(Bloomberg) -- In the debate over why U.S. oil producers haven’t added additional supply, the boss of ConocoPhillips lays the blame squarely with the government.

An increasingly bitter war of words has developed between the Biden administration, which has called for more production to alleviate high energy prices, and an U.S. oil and gas sector that has kept output relatively flat while criticizing White House regulatory moves.

“There’s no fast way to return supply,” ConocoPhillips Chief Executive Officer Ryan Lance said Tuesday in a Bloomberg Television interview from the World Petroleum Congress in Houston. “But if you get a stable, transparent system here in the U.S., and manage through the uncertainties, then we will invest to grow, not at the expense of returns, but there is some growth that can come out of U.S.”
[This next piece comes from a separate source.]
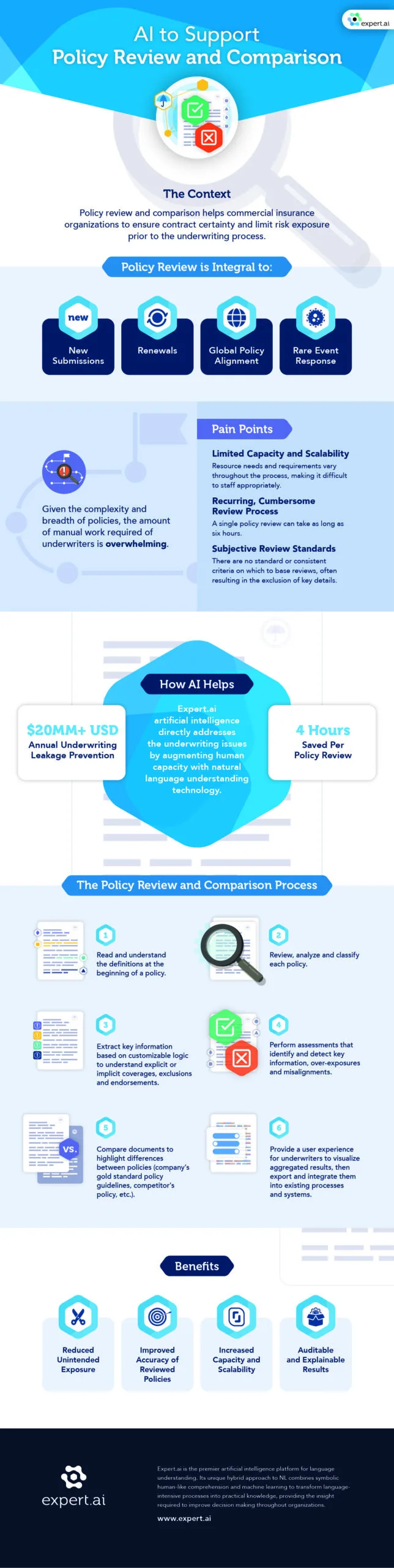 Unfortunately, there is nothing easy or expeditious about reviewing an insurance policy. With policies often topping 100 pages of dense, textual information, it can take several hours for a single person to complete one thorough policy review. Insurers are all too familiar with this painful inefficiency, as policy reviews are performed quite frequently, including:

President Joe Biden campaigned on a pledge to ban new fracking on federal lands, and more recently his administration has focused on clamping down on the industry’s emissions of methane, a far more potent greenhouse gas than carbon dioxide.

The House Science Committee last week requested that Houston-based ConocoPhillips and none other leading U.S. producers share data on methane leaks. Lance said that’s another example of unnecessary regulatory burden, and that in his view the industry is already making strides in self-regulating when it comes to methane.

ConocoPhillips on Monday announced a $1 billion variable dividend as part of efforts to return more cash to investors. U.S. oil and gas drillers are prioritizing returns to shareholders over increasing production. Investors have backed that approach after several years of poor returns, a period Lance said had been “miserable” for the industry.

(Updates with variable dividend in last paragraph. An earlier version of this story was corrected to fix a misspelling of the company’s name.)